### INSTRUCTIONS TO FOLLOW
The full listing, excluding its pictures, should be printed exactly as it stands.

:: GIVEN DATA

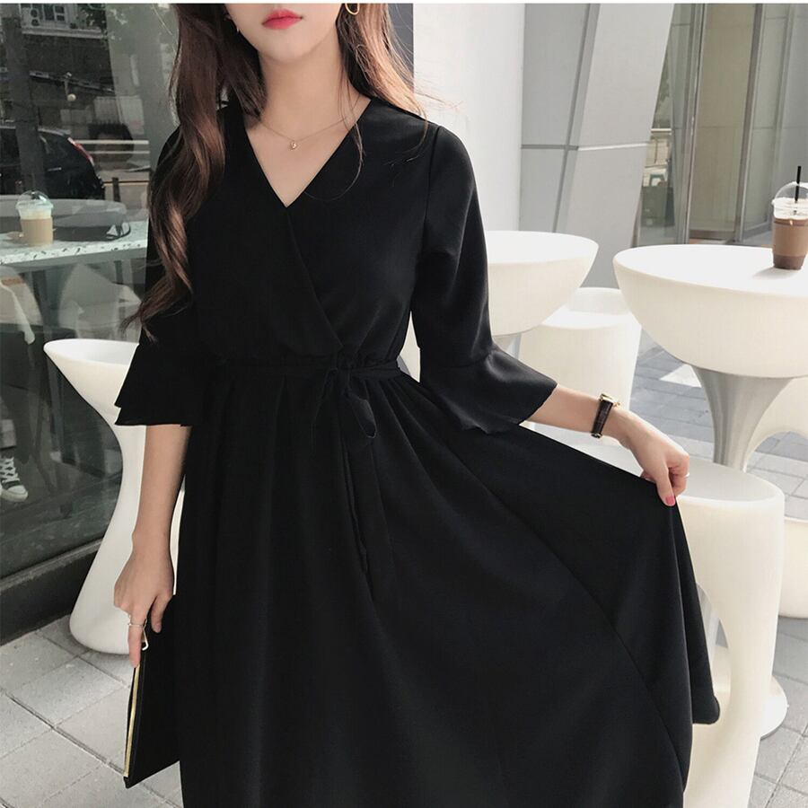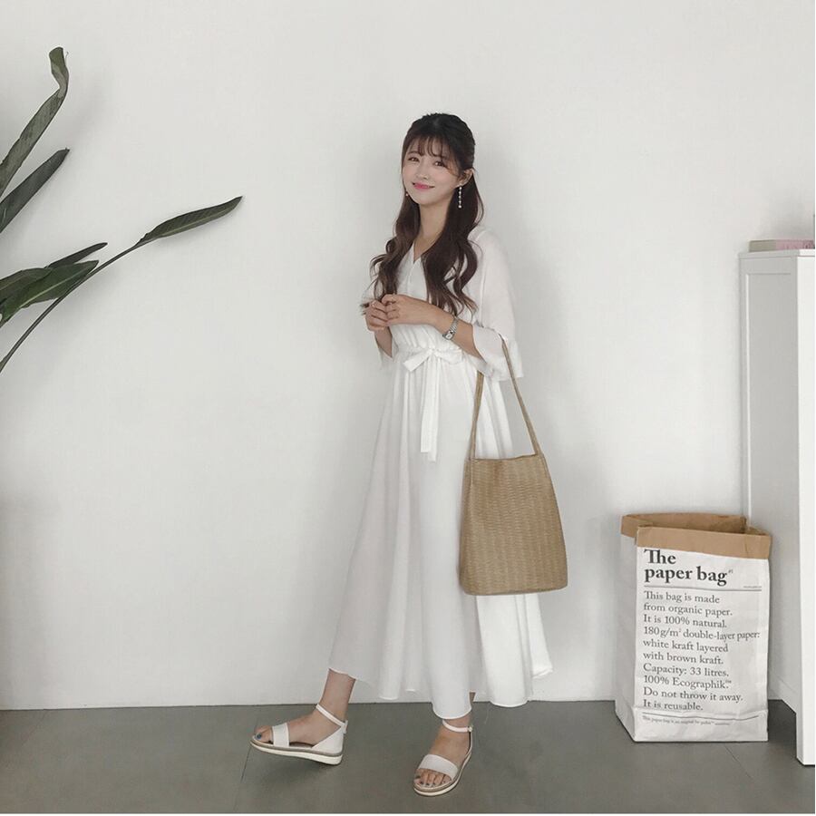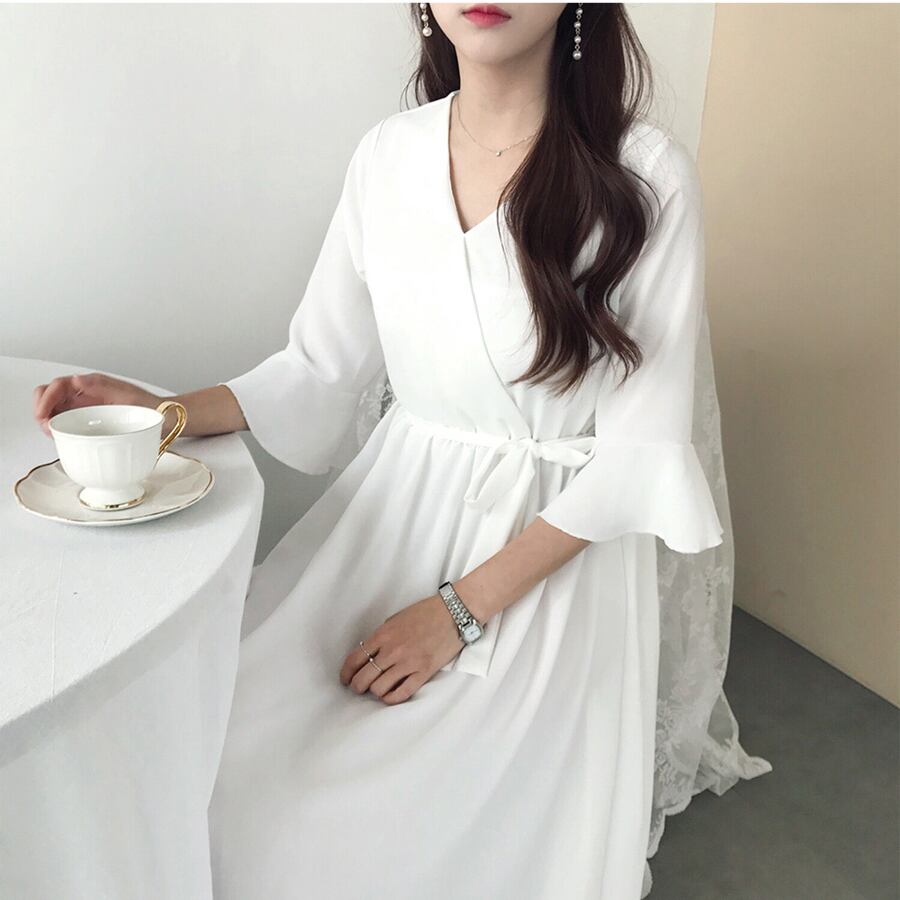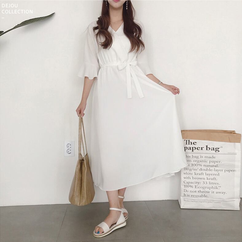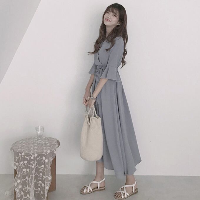 全3色 カシュクール シフォンワンピース フリル袖 フレア Vネック リボン ハイウエスト Aライン ホーンスリーブ 七分袖 ワンピ ロング丈 可愛い 大人可愛い レディース きれいめ フォーマル フェミニン キュート 清楚 上品 お出かけ 通勤 買い物 お呼ばれ パーティー 旅行 デート 女子会 大きいサイズ 夏
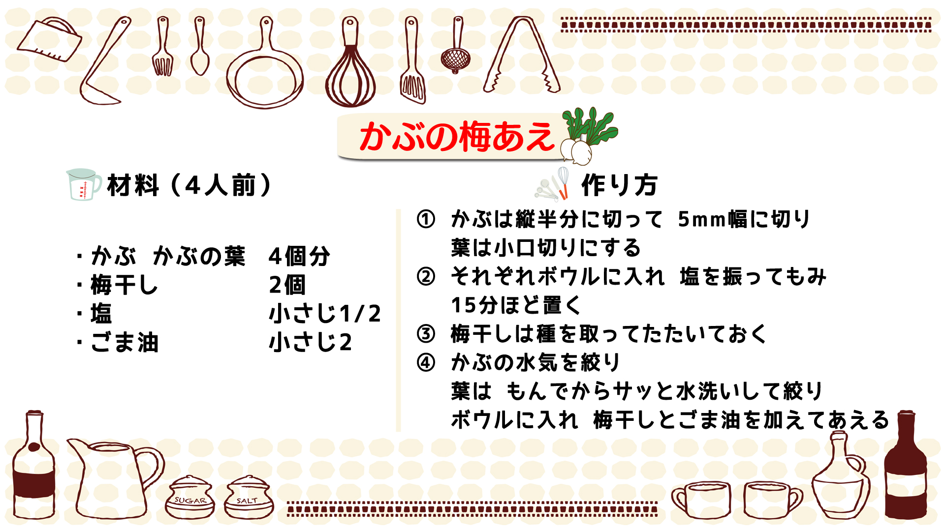 かぶの水気を絞り、葉は もんでからサッと水洗いして絞り、ボウルに入れ、梅干しとごま油を加えてあえる
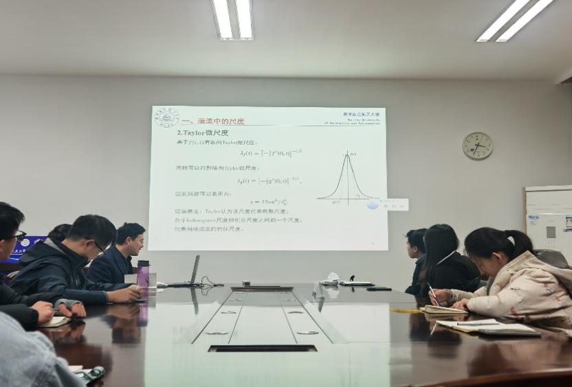 活动中,党支部副书记田杰同志领学《习近平关于加强党的作风建设论述摘编》与《“十五五”与2035中国》,结合典型案例,系统阐释了作风建设与党性修养的辩证关系,重点强调健全制度体系、强化监督机制对培育优良作风、夯实思想根基的保障作用。支部党员孙丝路同志立足专业领域,围绕湍流尺度解析,深入讲解不同湍流模型的原理与应用,突出科研工作中“知其然,亦知其所以然”的实践要求。
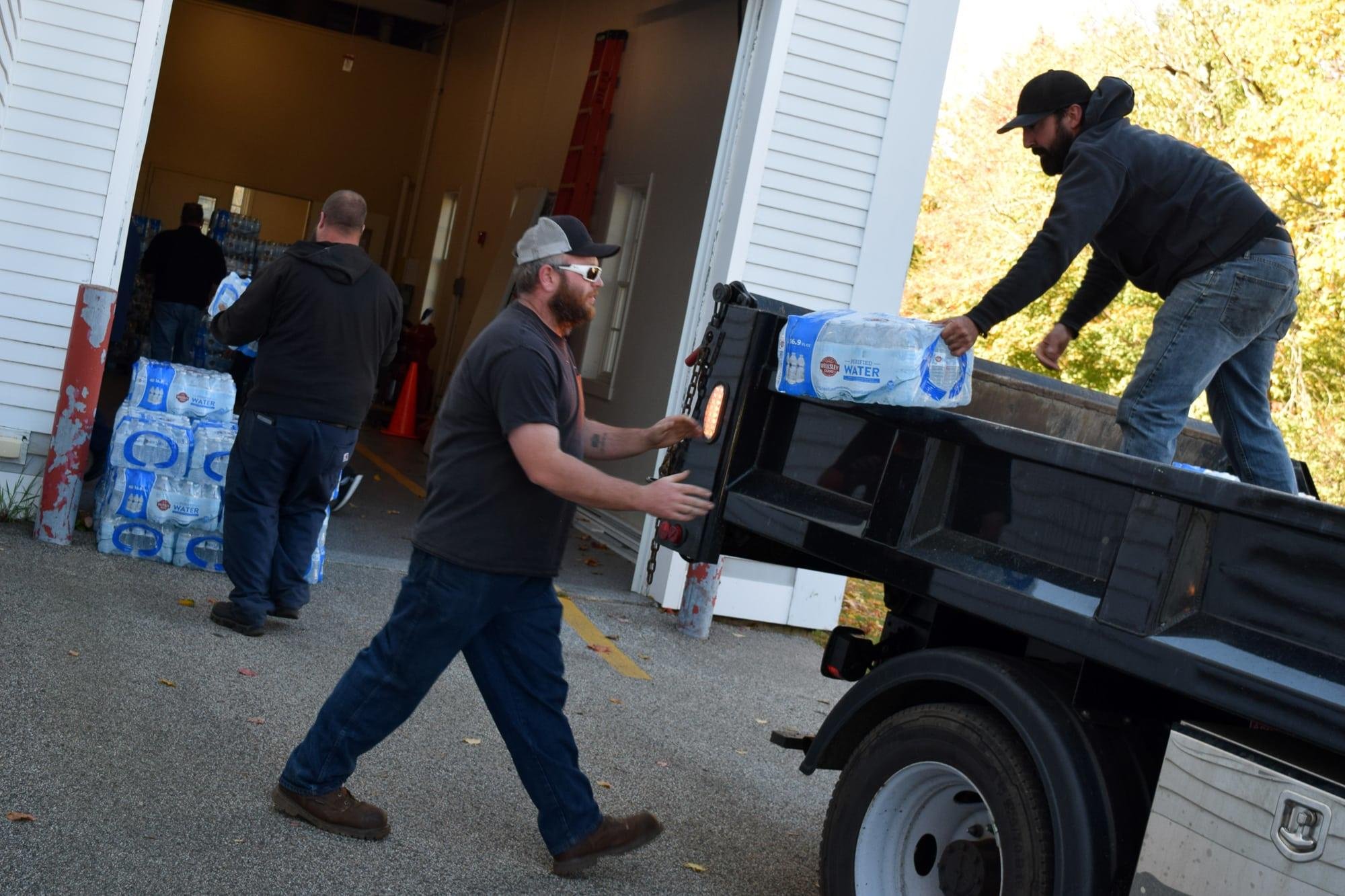 On Thursday, Oct. 20, members of the Rye Fire Department, Rye Police Department, and Rye Department of Public Works teamed up to distribute 470 free cases of water to residents in need.

::::

### REPLY
 全3色 カシュクール シフォンワンピース フリル袖 フレア Vネック リボン ハイウエスト Aライン ホーンスリーブ 七分袖 ワンピ ロング丈 可愛い 大人可愛い レディース きれいめ フォーマル フェミニン キュート 清楚 上品 お出かけ 通勤 買い物 お呼ばれ パーティー 旅行 デート 女子会 大きいサイズ 夏
 かぶの水気を絞り、葉は もんでからサッと水洗いして絞り、ボウルに入れ、梅干しとごま油を加えてあえる
 活动中,党支部副书记田杰同志领学《习近平关于加强党的作风建设论述摘编》与《“十五五”与2035中国》,结合典型案例,系统阐释了作风建设与党性修养的辩证关系,重点强调健全制度体系、强化监督机制对培育优良作风、夯实思想根基的保障作用。支部党员孙丝路同志立足专业领域,围绕湍流尺度解析,深入讲解不同湍流模型的原理与应用,突出科研工作中“知其然,亦知其所以然”的实践要求。
 On Thursday, Oct. 20, members of the Rye Fire Department, Rye Police Department, and Rye Department of Public Works teamed up to distribute 470 free cases of water to residents in need.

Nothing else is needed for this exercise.